In this image, above, from March 4, 2022, surveillance video provided by the Ukrainian government, Russian troops lead nine men at gunpoint to their headquarters on Yablunska Street in Bucha, where they would be tortured and executed. 

The men were picked up as part of what Russian soldiers called “zachistka” – cleansing. 

The soldiers hunted people on lists prepared by their intelligence services and went door to door to identify and neutralize potential threats. Later, when all the bodies were found strewn along the streets and packed in hasty graves, it would be easy to think the carnage was random. 
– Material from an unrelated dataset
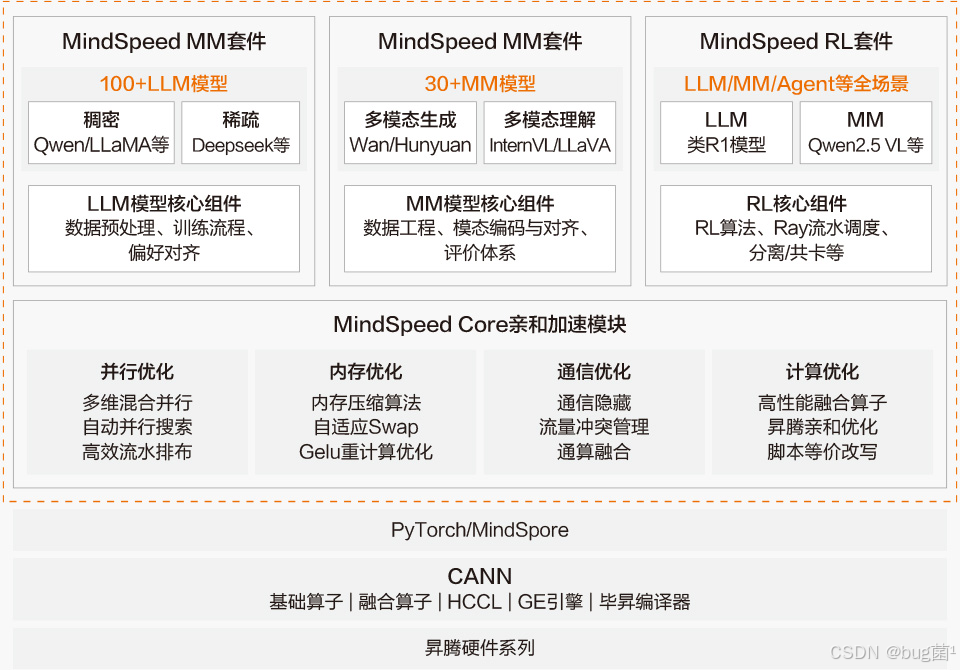 然后,针对昇腾AI为大模型分布式训练,有专门开凿加速库MindSpeed,如下是MindSpeed架构图:

Residents asking how this happened would be told to make their peace, because some questions just don’t have answers. Yet there was a method to the violence. What happened that day in Bucha was what Russian soldiers on intercepted phone conversations called “zachistka” — cleansing. 

The Russians hunted people on lists prepared by their intelligence services and went door to door to identify potential threats. Those who didn’t pass this filtration, including volunteer fighters and civilians suspected of assisting Ukrainian troops, were tortured and executed, surveillance video, audio intercepts and interviews show. 

 The Associated Press and the PBS series “Frontline” obtained surveillance camera footage from Bucha that shows, for the first time, what a cleansing operation in Ukraine looks like. This was organized brutality that would be repeated at scale in Russian-occupied territories across Ukraine — a strategy to neutralize resistance and terrorize locals into submission that Russian troops have used in past conflicts, notably Chechnya.